── DATA LISTING

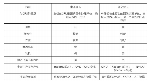 按GPU下游的不同应用,可分为终端GPU,服务器GPU,智能驾驶GPU以及军用显控等其他应用领域GPU。在终端GPU中分为集成GPU(集显)与独立GPU(独显),前者注重轻薄,后者注重性能输出。服务器等高性能需求场景下GPU以独立为主。
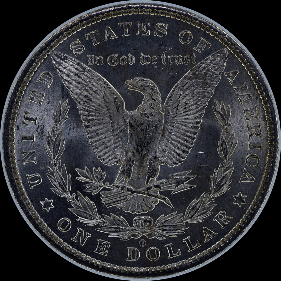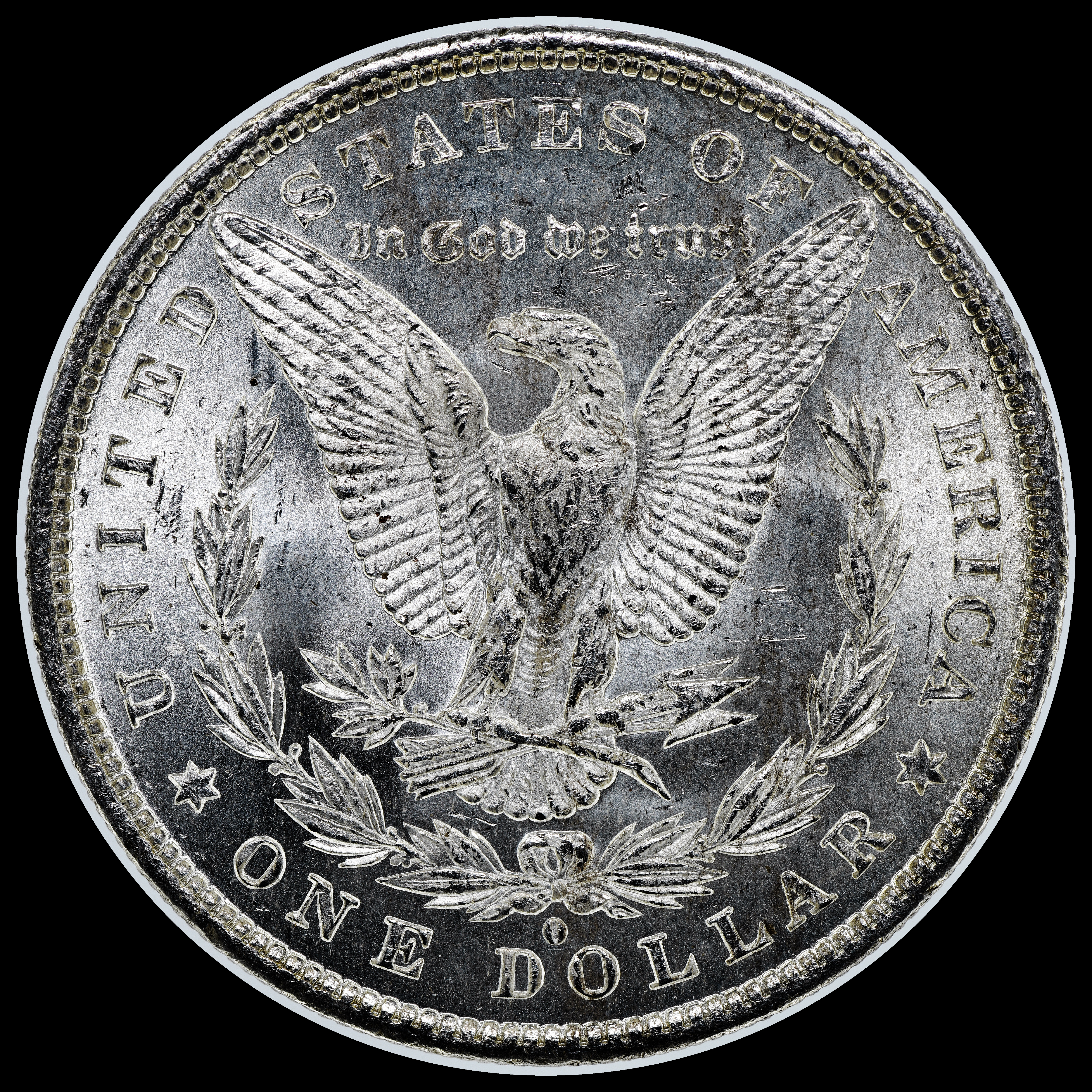 | Reverse: Weak cap V clash at 0 deg, crack/metal from right wing tip to nearest denticle gap, crack at RW4 laurel berry, micro-crack connecting outside of UNITED and STATES, crack from middle serif of F through left wing tip, crack between RW1 and left wing, micro-crack from right upper R crossing outside I to denticles, diagonal line from upper right leg extending across upper tail feathers, two horizontal lines and one diagonal line crossing inside the bow loop, doubled right wreath, doubled left wreath LW3, doubled st of Trust. |
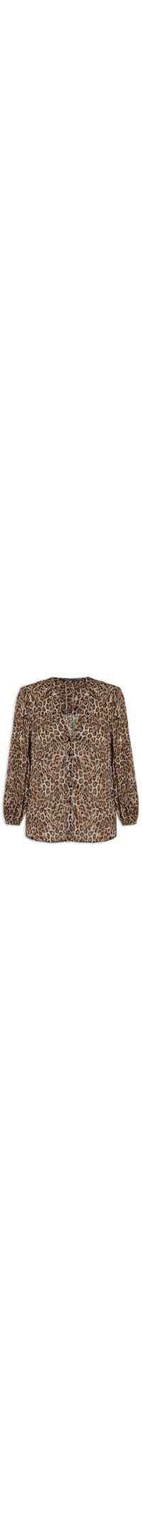 A camisa animal print é confeccionada em tecido leve com fios de lurex e sem elasticidade. A peça solta ao corpo possui decote V, colarinho padre, mangas 7/8 com elástico embutido na barra, recorte frontal e posterior com detalhe de viés e franzido, barra mullet* arredondada, transparência e fechamento frontal em botões.
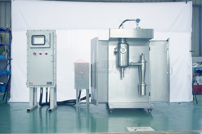 制藥專用 防爆級(jí)小型閉式噴霧干燥機(jī),裝置特別針對(duì)于有機(jī)溶劑,以使用循環(huán)氮?dú)舛纬傻亩栊詺怏w介質(zhì)取代通常的空氣介質(zhì),來進(jìn)行噴霧干燥。除了能回收產(chǎn)品之外,尚可回收有機(jī)溶劑。針對(duì)有機(jī)溶劑低閃點(diǎn)或者微毒的特點(diǎn),易燃易爆的特點(diǎn)特別設(shè)計(jì)該套閉式循環(huán)噴霧系統(tǒng)。
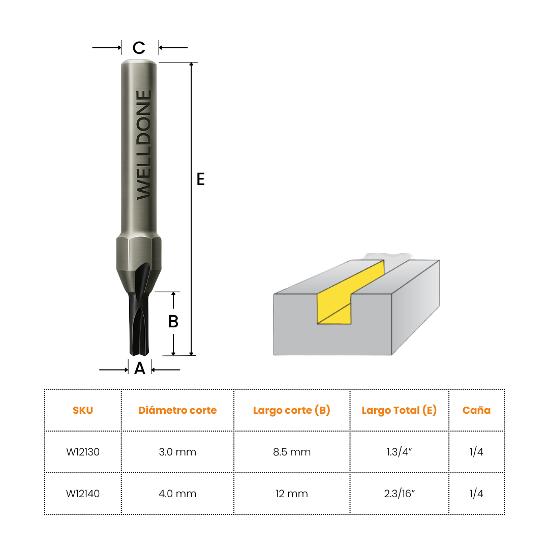 La fresa de corte recto está fabricada en acero sólido tipo S2 con punta de tungsteno sólido, lo que garantiza alta resistencia, durabilidad y cortes precisos. Diseñada para ranurar y cortar madera, ofrece también un excelente desempeño en el corte y ranurado de acrílico, logrando acabados limpios y profesionales.
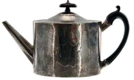 George III silver oval teapot, with engraved crest and hardwood handle and finial, maker Michael Plummer, London 1794, 6" high, 15oz t £150
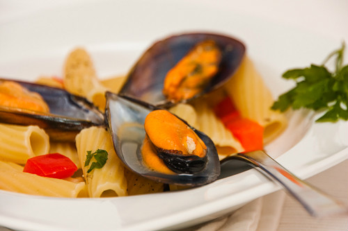 AGREGA EL VINO BLANCO E INCORPORA LOS MEJILLOS TAPA LA CAZUELAY PROSIGUE LA COCION A FUEGO VIVO HASTA QUE SE ABRAN DEJA QUE TEMPLEN UN POCO RETIRA LA VALVA VACIA Y ELIMINA LOS MEJILLONES QUE PERMANEZCAN CERRADOS
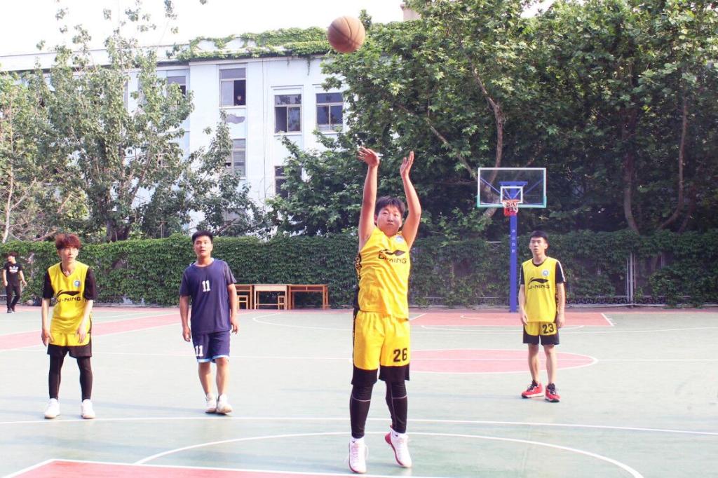 中圈跳球,两队争锋。部门篮球赛两队开局争先,激发球场热血。

────

◆ ASSIGNMENT ◆
The answer must match the entries above line for line, with the pictures dropped.

◆ RESULT FOR THIS EXERCISE ◆
 按GPU下游的不同应用,可分为终端GPU,服务器GPU,智能驾驶GPU以及军用显控等其他应用领域GPU。在终端GPU中分为集成GPU(集显)与独立GPU(独显),前者注重轻薄,后者注重性能输出。服务器等高性能需求场景下GPU以独立为主。
 | Reverse: Weak cap V clash at 0 deg, crack/metal from right wing tip to nearest denticle gap, crack at RW4 laurel berry, micro-crack connecting outside of UNITED and STATES, crack from middle serif of F through left wing tip, crack between RW1 and left wing, micro-crack from right upper R crossing outside I to denticles, diagonal line from upper right leg extending across upper tail feathers, two horizontal lines and one diagonal line crossing inside the bow loop, doubled right wreath, doubled left wreath LW3, doubled st of Trust. |
 A camisa animal print é confeccionada em tecido leve com fios de lurex e sem elasticidade. A peça solta ao corpo possui decote V, colarinho padre, mangas 7/8 com elástico embutido na barra, recorte frontal e posterior com detalhe de viés e franzido, barra mullet* arredondada, transparência e fechamento frontal em botões.
 制藥專用 防爆級(jí)小型閉式噴霧干燥機(jī),裝置特別針對(duì)于有機(jī)溶劑,以使用循環(huán)氮?dú)舛纬傻亩栊詺怏w介質(zhì)取代通常的空氣介質(zhì),來進(jìn)行噴霧干燥。除了能回收產(chǎn)品之外,尚可回收有機(jī)溶劑。針對(duì)有機(jī)溶劑低閃點(diǎn)或者微毒的特點(diǎn),易燃易爆的特點(diǎn)特別設(shè)計(jì)該套閉式循環(huán)噴霧系統(tǒng)。
 La fresa de corte recto está fabricada en acero sólido tipo S2 con punta de tungsteno sólido, lo que garantiza alta resistencia, durabilidad y cortes precisos. Diseñada para ranurar y cortar madera, ofrece también un excelente desempeño en el corte y ranurado de acrílico, logrando acabados limpios y profesionales.
 George III silver oval teapot, with engraved crest and hardwood handle and finial, maker Michael Plummer, London 1794, 6" high, 15oz t £150
 AGREGA EL VINO BLANCO E INCORPORA LOS MEJILLOS TAPA LA CAZUELAY PROSIGUE LA COCION A FUEGO VIVO HASTA QUE SE ABRAN DEJA QUE TEMPLEN UN POCO RETIRA LA VALVA VACIA Y ELIMINA LOS MEJILLONES QUE PERMANEZCAN CERRADOS
 中圈跳球,两队争锋。部门篮球赛两队开局争先,激发球场热血。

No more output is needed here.